§ **YOUR ASSIGNMENT**: The answer must give back every line of the data exactly, with no pictures.

§ **DATA SEGMENT**:
[Start of Attachment]
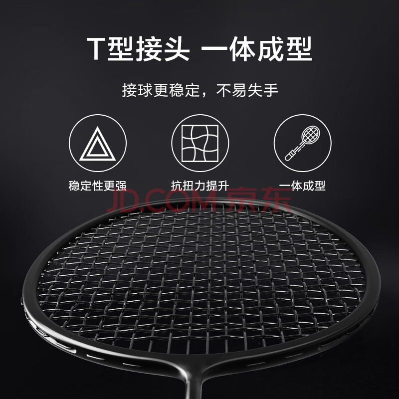 商品相册:京东京造 8U小黑拍 超轻全碳羽毛球拍单拍 运动训练赠球手胶第
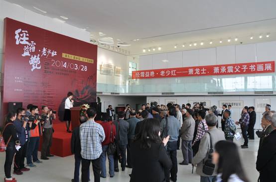 2014年3月28号下午3点,经霜益艳老少红——萧龙士、萧承震父子书画展在中环艺术馆隆重开幕,本次书画展由安徽省政府参事室、省文史研究馆、萧龙士艺术研究会以及中环艺术馆联合主办。展出百岁画家萧龙士在不同阶段的60余幅精品之作及萧承震40余幅佳作。以及萧龙士家族的老照片、画案上曾伴随萧龙士作画的笔墨纸砚以及教诲后辈的信笺等物品。原省政协副主席杜诚,省政府参事室党组书记、主任周庆,中央文史馆书画院安徽分院院长、省政协常委、省政协人口资源环境委员会副主任邱江辉,省政府办公厅副巡视员、省文史馆副馆长余家林,省美协主席张松,省美协副主席王佛生,著名艺术评论家郭因,中环投资集团总裁助理黄少铭以及安徽艺术界的知名人士、各界朋友均出席了开幕式。
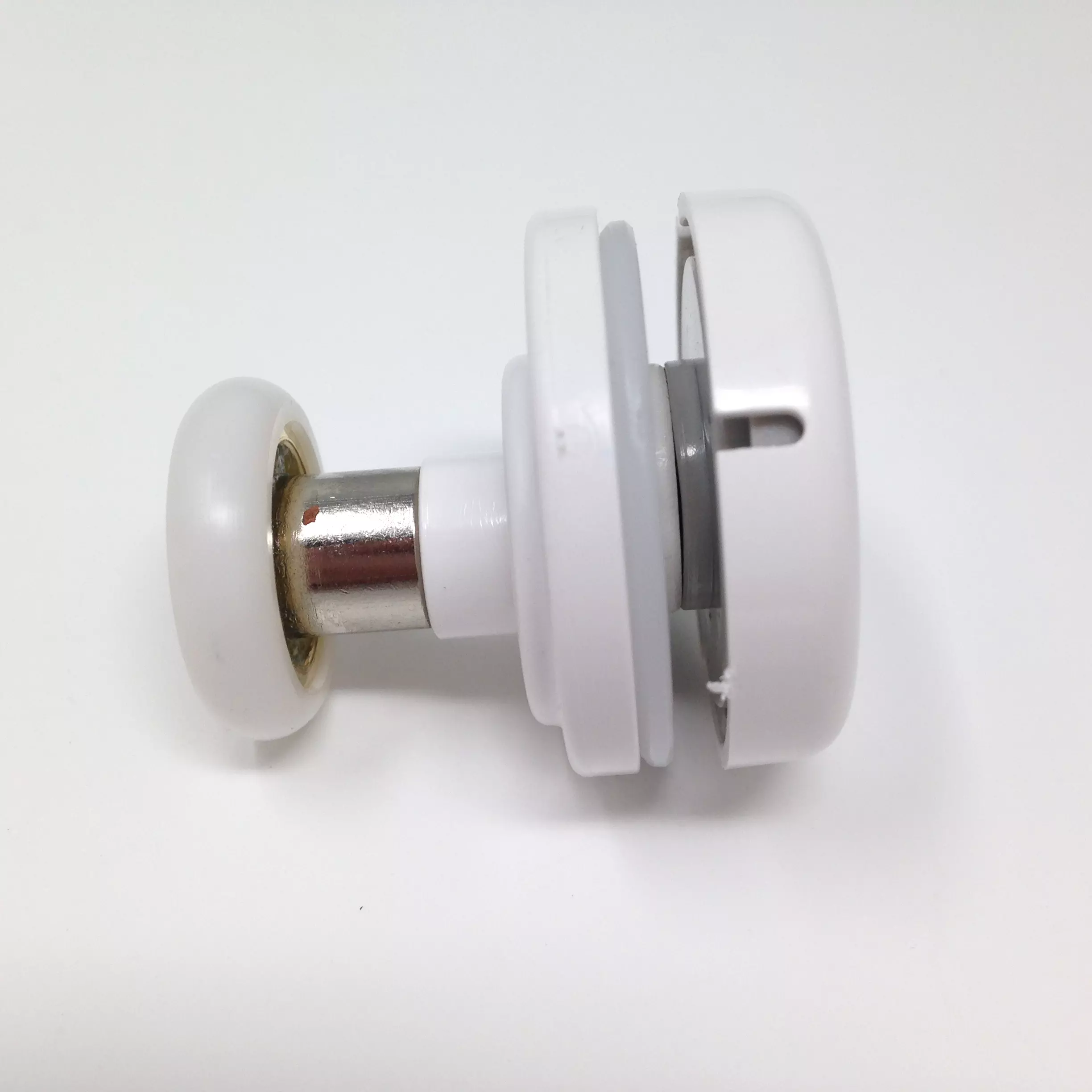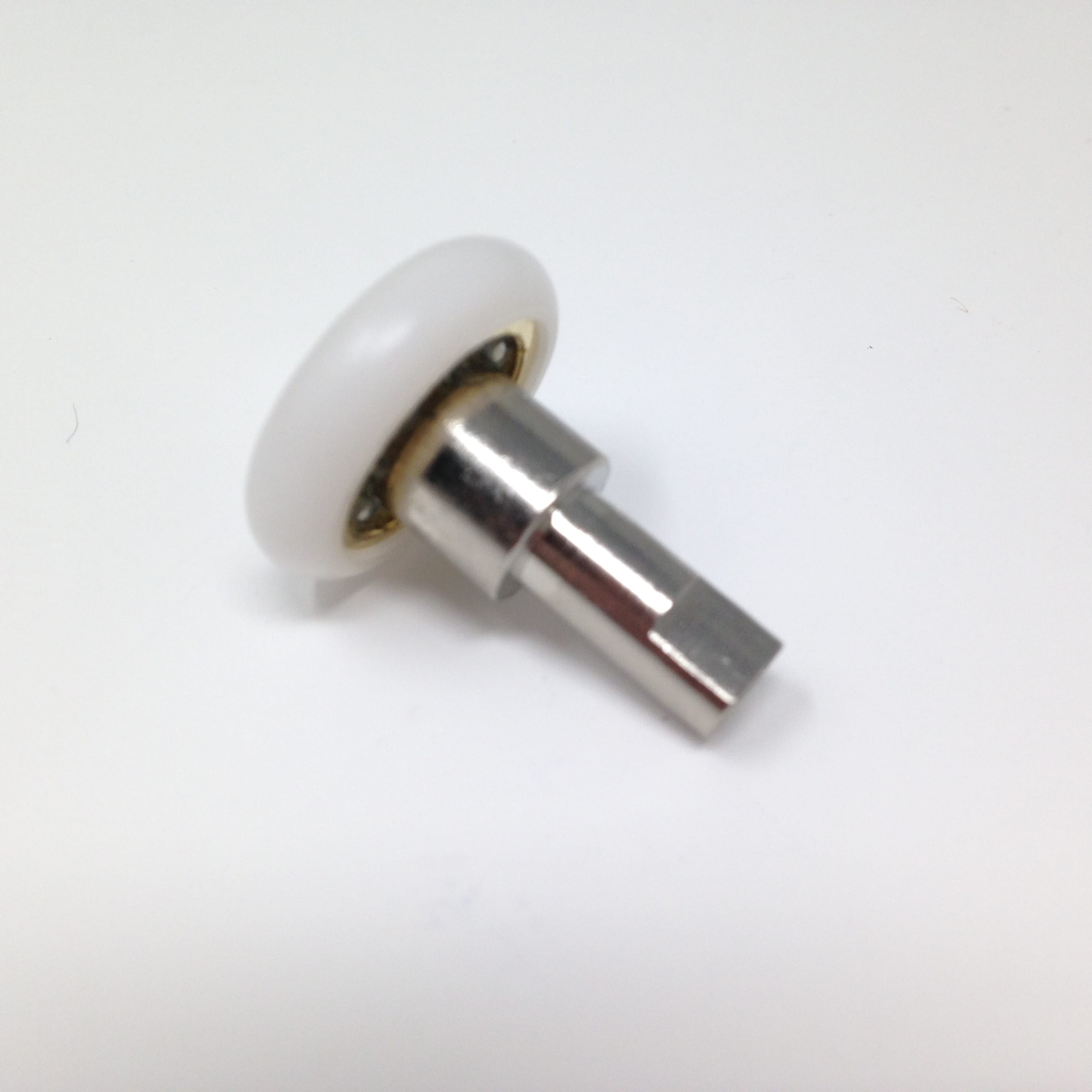 Roulette droite simple pour porte coulissante de cabine de douche. Vendues par lot de 2, ces roulettes se composent d’un corps en laiton ou en alliage de zinc et d’éléments de soutien en plastique type ABS. Le bandage de la roulette est en téflon, recouvrant un roulement à billes étanche en acier inoxydable. Le choix et la qualité des matériaux employés offrent une utilisation optimale de confort, limitant ainsi le frottement et le bruit lors de la manipulation de la porte.
[End of Attachment]
§ **RESPONSE**:
 商品相册:京东京造 8U小黑拍 超轻全碳羽毛球拍单拍 运动训练赠球手胶第
 2014年3月28号下午3点,经霜益艳老少红——萧龙士、萧承震父子书画展在中环艺术馆隆重开幕,本次书画展由安徽省政府参事室、省文史研究馆、萧龙士艺术研究会以及中环艺术馆联合主办。展出百岁画家萧龙士在不同阶段的60余幅精品之作及萧承震40余幅佳作。以及萧龙士家族的老照片、画案上曾伴随萧龙士作画的笔墨纸砚以及教诲后辈的信笺等物品。原省政协副主席杜诚,省政府参事室党组书记、主任周庆,中央文史馆书画院安徽分院院长、省政协常委、省政协人口资源环境委员会副主任邱江辉,省政府办公厅副巡视员、省文史馆副馆长余家林,省美协主席张松,省美协副主席王佛生,著名艺术评论家郭因,中环投资集团总裁助理黄少铭以及安徽艺术界的知名人士、各界朋友均出席了开幕式。
 Roulette droite simple pour porte coulissante de cabine de douche. Vendues par lot de 2, ces roulettes se composent d’un corps en laiton ou en alliage de zinc et d’éléments de soutien en plastique type ABS. Le bandage de la roulette est en téflon, recouvrant un roulement à billes étanche en acier inoxydable. Le choix et la qualité des matériaux employés offrent une utilisation optimale de confort, limitant ainsi le frottement et le bruit lors de la manipulation de la porte.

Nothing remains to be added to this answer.